Hello everyone. I'm new to this site.

I currently have a 2012 F150 FX4 Ecoboost. I was looking to get a plow for it but many people are saying that I shouldn't because of some Electrical steering issues that Ford has. I contacted several Ford Dealer ships and they just said that it was because of the weight and didn't know anything about any electrical issues. and then I contacted Ford Customer Service and they did not know anything either.

has anyone heard of ant issues or point me in the right direction? Does anyone recommend an specific plows that would work with my F150?
Thank you in advance.


----------



## Whiffyspark (Dec 23, 2009)

Snoway has a fit for you


----------



## 1olddogtwo (Aug 6, 2007)

I just put a Western Mid-weight for the season. Its a 2015 with 5.0. No problem. I'm pretty sure that has electric steering


----------



## framer1901 (Dec 18, 2005)

I think I remember back in the day the excuse being that the charging system couldn't handle plow and steering at same time over time......
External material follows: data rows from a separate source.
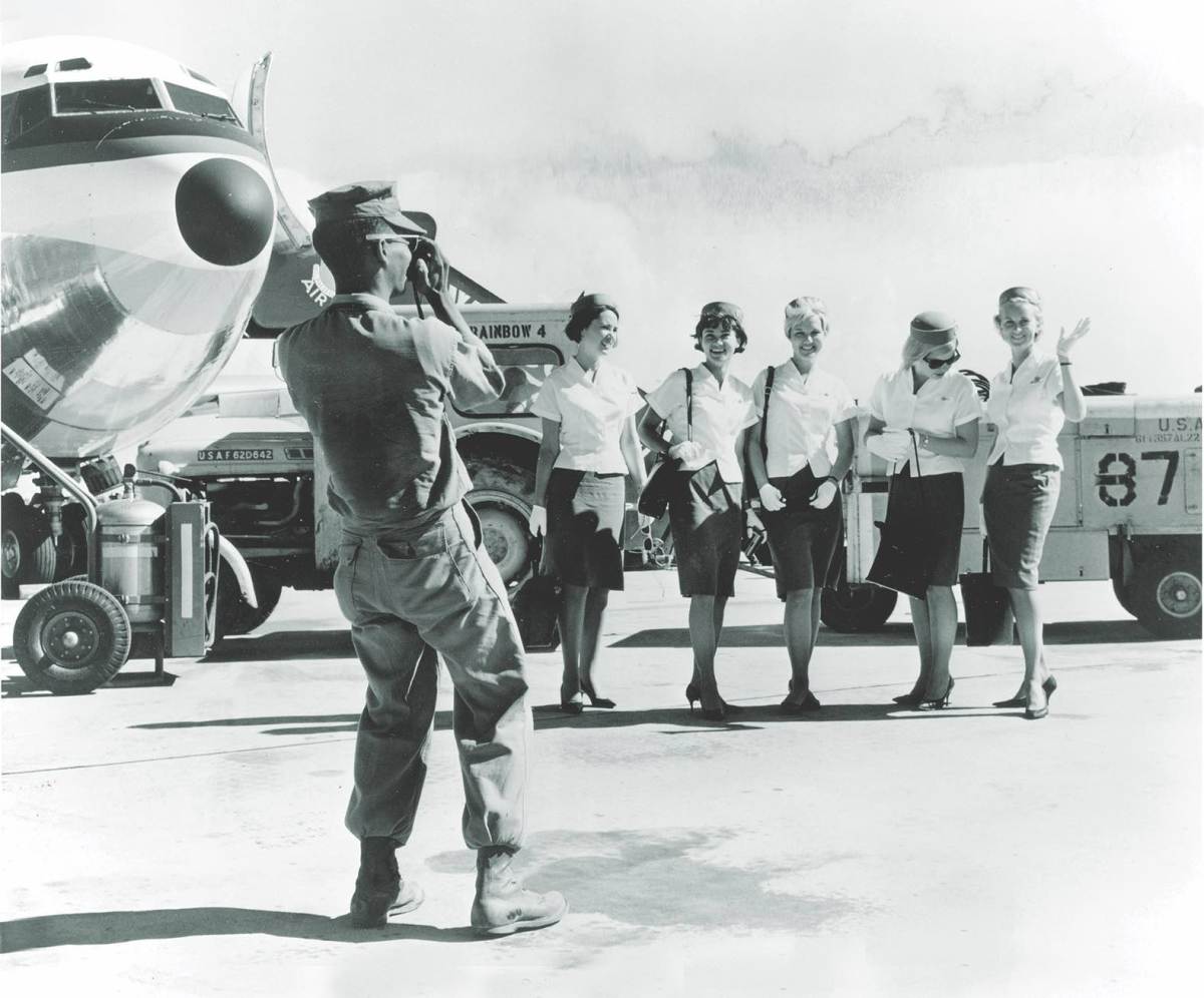 Far from living the chic image of international jet-setters, American flight attendants — numbering more than 20,000 by 1967 — worked punishing schedules, earned wages often lower than those of cleaning crews, were portrayed as sex objects rather than crucial safety professionals, and lost their jobs if they gained weight, became pregnant or married.
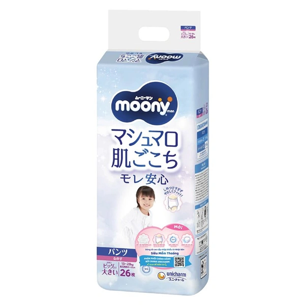 Tã quần cho bé gái Moony size XXL
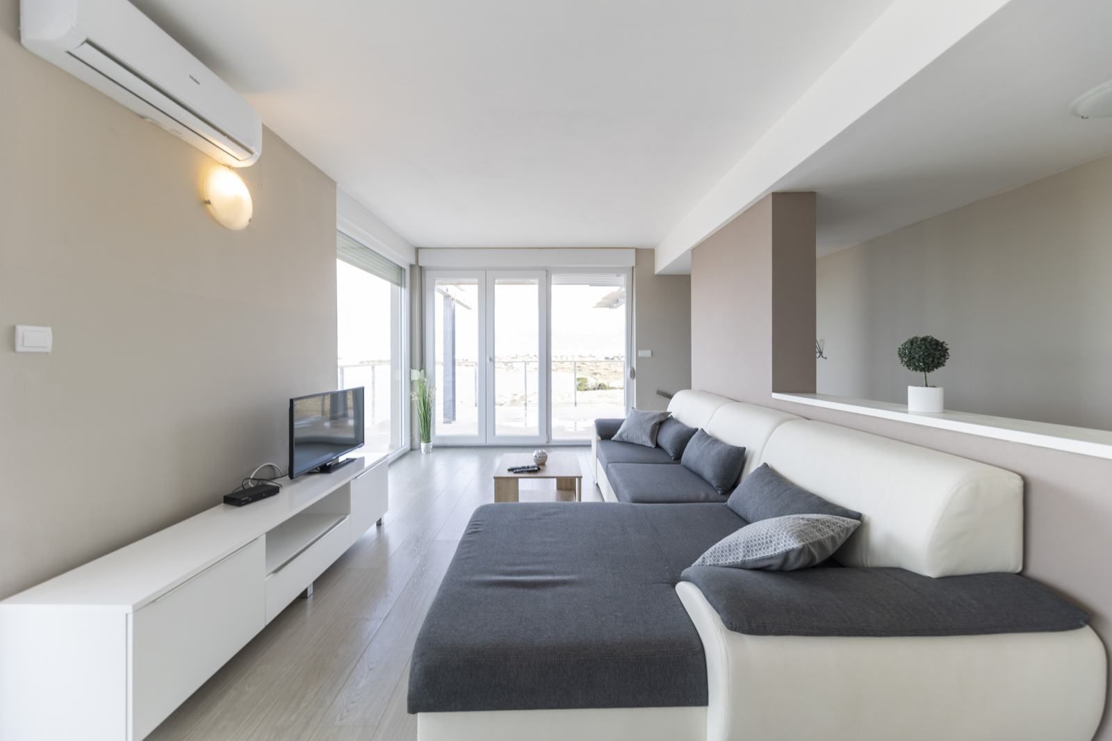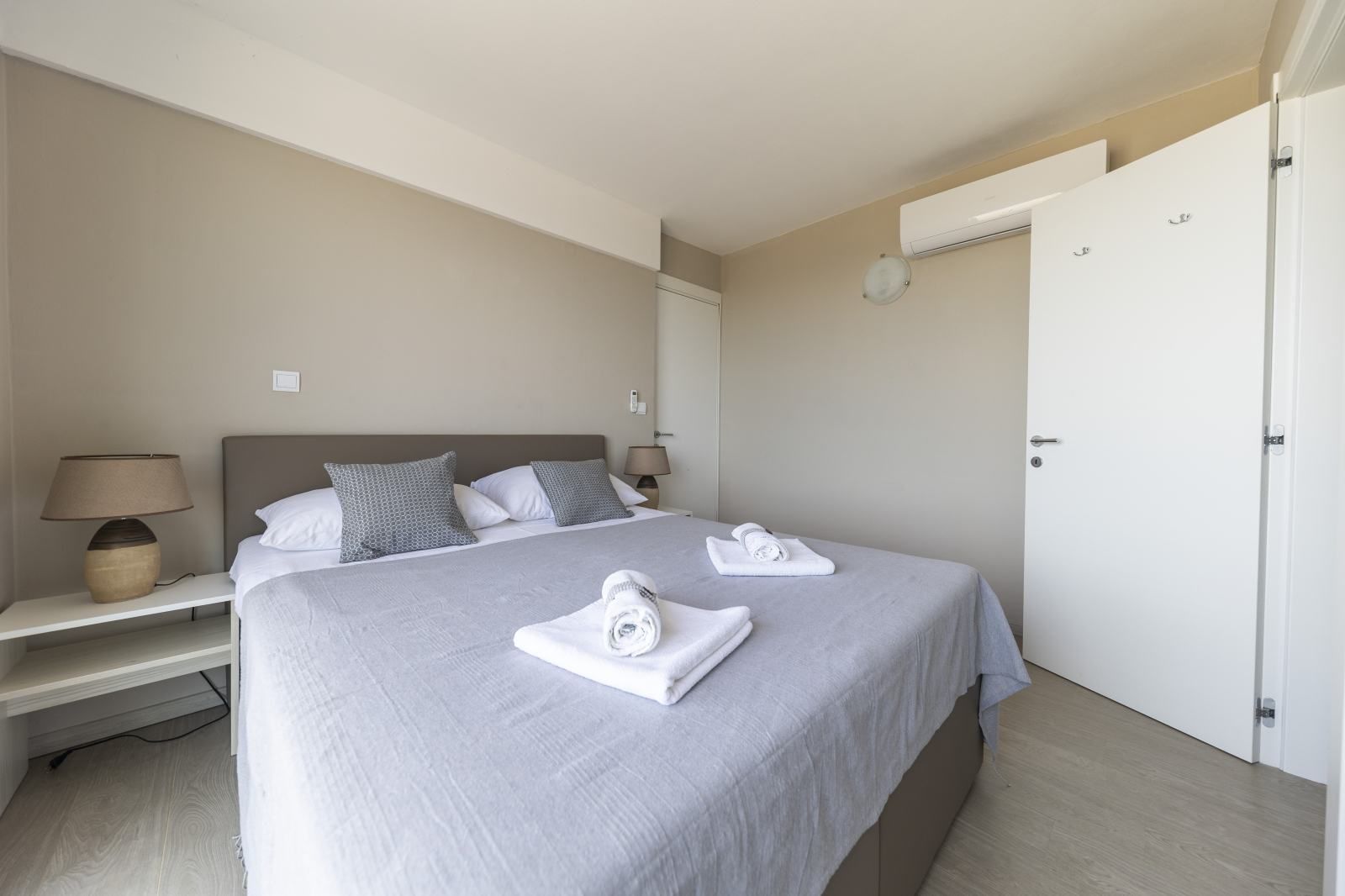 Die Wohnung hat eine Gesamtfläche von 136 m2 und besteht aus drei Schlafzimmern, zwei Badezimmern, einem Wohnzimmer und einer geräumigen Terrasse. Zur Wohnung gehört ein Parkplatz und das Recht zur Nutzung des gemeinsamen Pools, des Grillbereichs und des Kinderspielplatzes.

Weight of plow is an "issue" for any truck. Don't really mean that but sorta


----------



## OptimumSolution (Mar 29, 2016)

Ok. Great information guys. I appreciate it. I'll do a little more digging. The Snoway plow looks nice but definitely more expensive then the others.


----------



## 1olddogtwo (Aug 6, 2007)

Western HTS


----------



## Whiffyspark (Dec 23, 2009)

Basher said something about them being one of the only ones actually approved. That may have changed


----------



## RIRAM2500HD (May 6, 2015)

Check into Boss . I think they have a plow just for this truck!


----------